--- What is required ---
Transcribe, starting at the line with "L'APPRENTISSAGE PAR LE GAME" and ending at the line with "មន្ត្រីជាន់ខ្ពស់ ៦៣នាក់ បានចូលរួមសិក្ខាសាលានេះ", every line of the material below exactly, but leave out the pictures and anything outside that span.

--- Dataset content ---
-*-*-
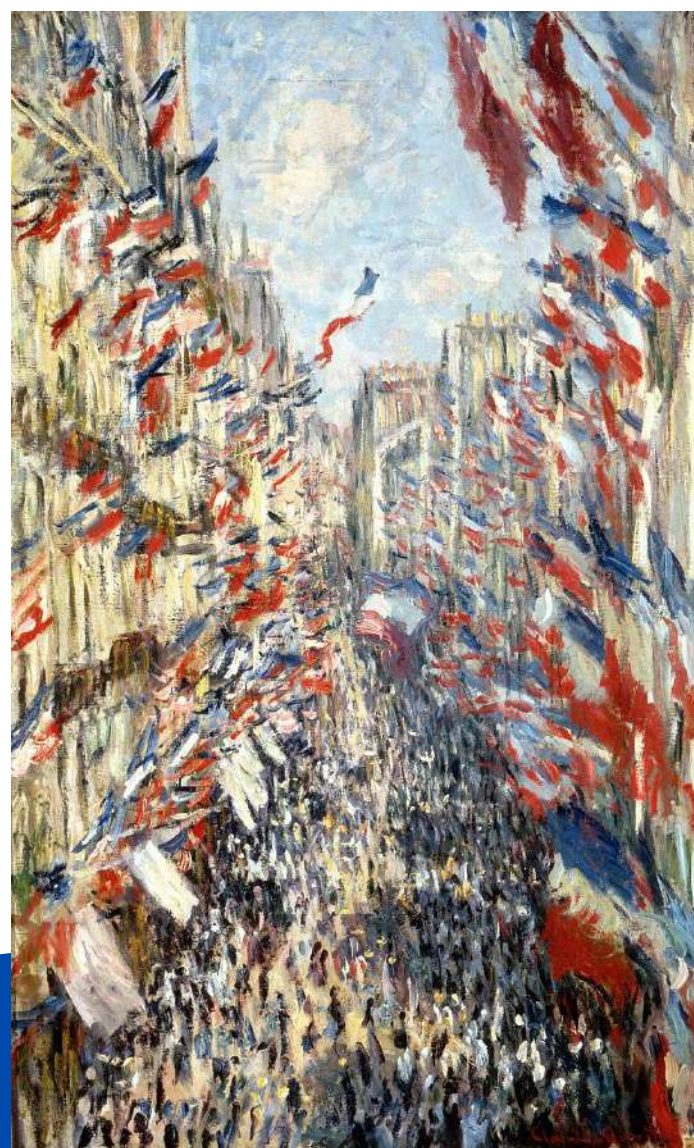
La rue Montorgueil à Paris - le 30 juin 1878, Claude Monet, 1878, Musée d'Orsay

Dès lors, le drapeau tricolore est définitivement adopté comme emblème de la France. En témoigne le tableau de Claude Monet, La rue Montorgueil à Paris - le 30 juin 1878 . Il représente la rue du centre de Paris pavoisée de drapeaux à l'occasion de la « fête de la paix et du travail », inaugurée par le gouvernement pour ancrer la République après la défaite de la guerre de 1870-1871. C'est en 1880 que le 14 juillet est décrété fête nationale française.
-*-*-
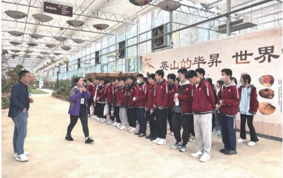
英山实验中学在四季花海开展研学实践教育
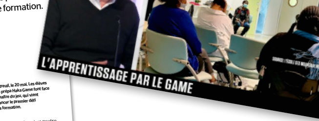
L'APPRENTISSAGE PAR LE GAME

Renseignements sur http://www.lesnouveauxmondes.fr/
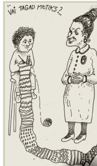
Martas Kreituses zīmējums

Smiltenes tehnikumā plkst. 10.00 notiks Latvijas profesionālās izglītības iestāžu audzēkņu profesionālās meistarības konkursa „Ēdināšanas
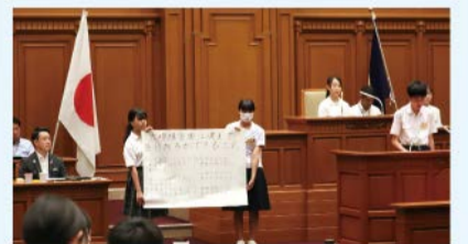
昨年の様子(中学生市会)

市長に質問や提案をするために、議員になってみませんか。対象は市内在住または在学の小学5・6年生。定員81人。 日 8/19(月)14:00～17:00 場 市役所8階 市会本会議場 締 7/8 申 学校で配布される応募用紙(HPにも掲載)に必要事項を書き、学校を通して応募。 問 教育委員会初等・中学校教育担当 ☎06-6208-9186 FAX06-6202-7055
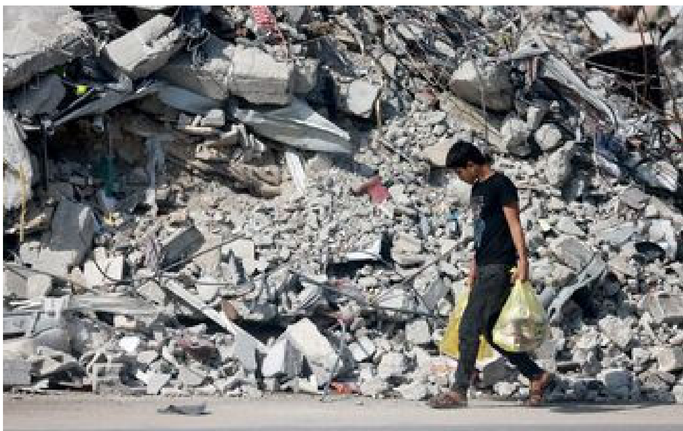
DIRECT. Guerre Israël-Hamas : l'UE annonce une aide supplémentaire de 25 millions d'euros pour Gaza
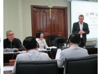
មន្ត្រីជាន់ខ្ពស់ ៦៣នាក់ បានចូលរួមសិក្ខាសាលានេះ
-*-*-
--- Answer section ---
L'APPRENTISSAGE PAR LE GAME

Renseignements sur http://www.lesnouveauxmondes.fr/
Martas Kreituses zīmējums

Smiltenes tehnikumā plkst. 10.00 notiks Latvijas profesionālās izglītības iestāžu audzēkņu profesionālās meistarības konkursa „Ēdināšanas
昨年の様子(中学生市会)

市長に質問や提案をするために、議員になってみませんか。対象は市内在住または在学の小学5・6年生。定員81人。 日 8/19(月)14:00～17:00 場 市役所8階 市会本会議場 締 7/8 申 学校で配布される応募用紙(HPにも掲載)に必要事項を書き、学校を通して応募。 問 教育委員会初等・中学校教育担当 ☎06-6208-9186 FAX06-6202-7055
DIRECT. Guerre Israël-Hamas : l'UE annonce une aide supplémentaire de 25 millions d'euros pour Gaza
មន្ត្រីជាន់ខ្ពស់ ៦៣នាក់ បានចូលរួមសិក្ខាសាលានេះ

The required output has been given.